To investigate the enhancing effect of basalt fiber reinforced polymer (BFRP) layers on the load-bearing capacity of test specimens, both experimental and theoretical investigations were carried out on the compressive behavior of BFRP composite wood winding columns. In this paper, sylvestris pine was used as the primary material, which was manually wrapped with BFRP cloth to form cylindrical thin-walled specimens. Six groups of specimens were set up with the number of BFRP layers as the main variable, 4 specimens in each group and 24 specimens in total.
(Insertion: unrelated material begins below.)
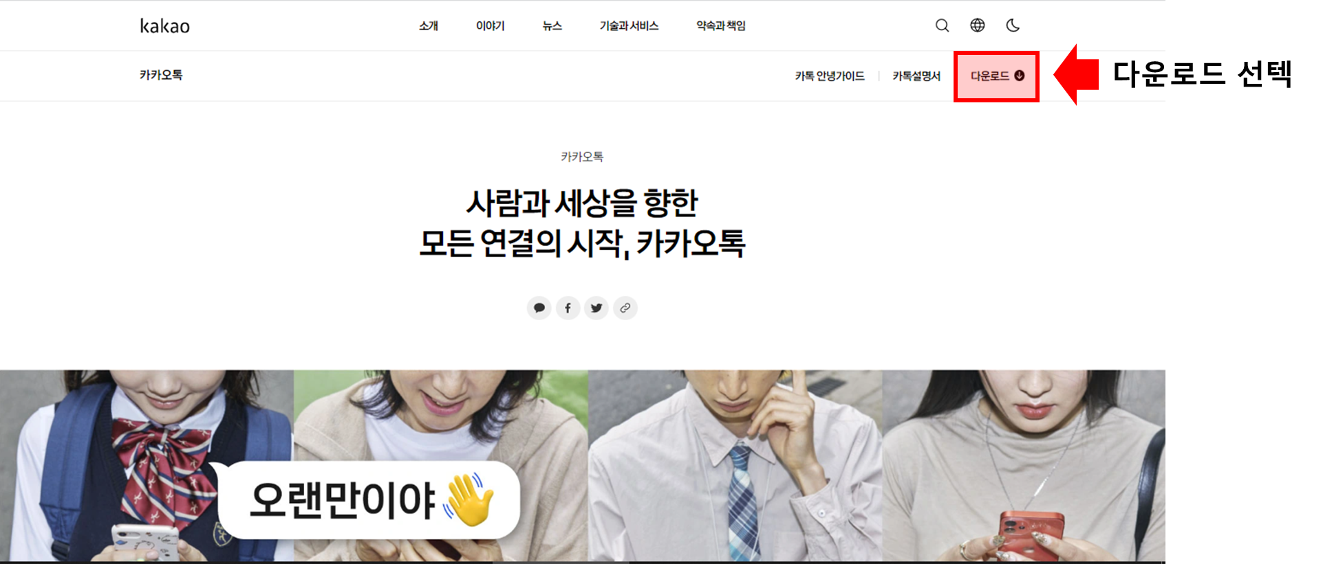 1️⃣ 홈페이지 화면에서 다운로드 선텍

The compressive properties of six groups were tested at a rate of 1 mm/min using a displacement-controlled method. The test results showed that the load carrying capacity of the specimen rose with the increase of the number of BFRP layers. Based on the damage, the specimens were classified into two modes of failure: layer bundle crushing and overall buckling which accounted for 33.3 % and 66.7 % of the total number of specimens, respectively. Based on the continuous strength method, the compressive strength prediction formula of BFRP composite wood winding columns was proposed, and the theoretical and practical results coincided well, which proved that this method had good application value in practice.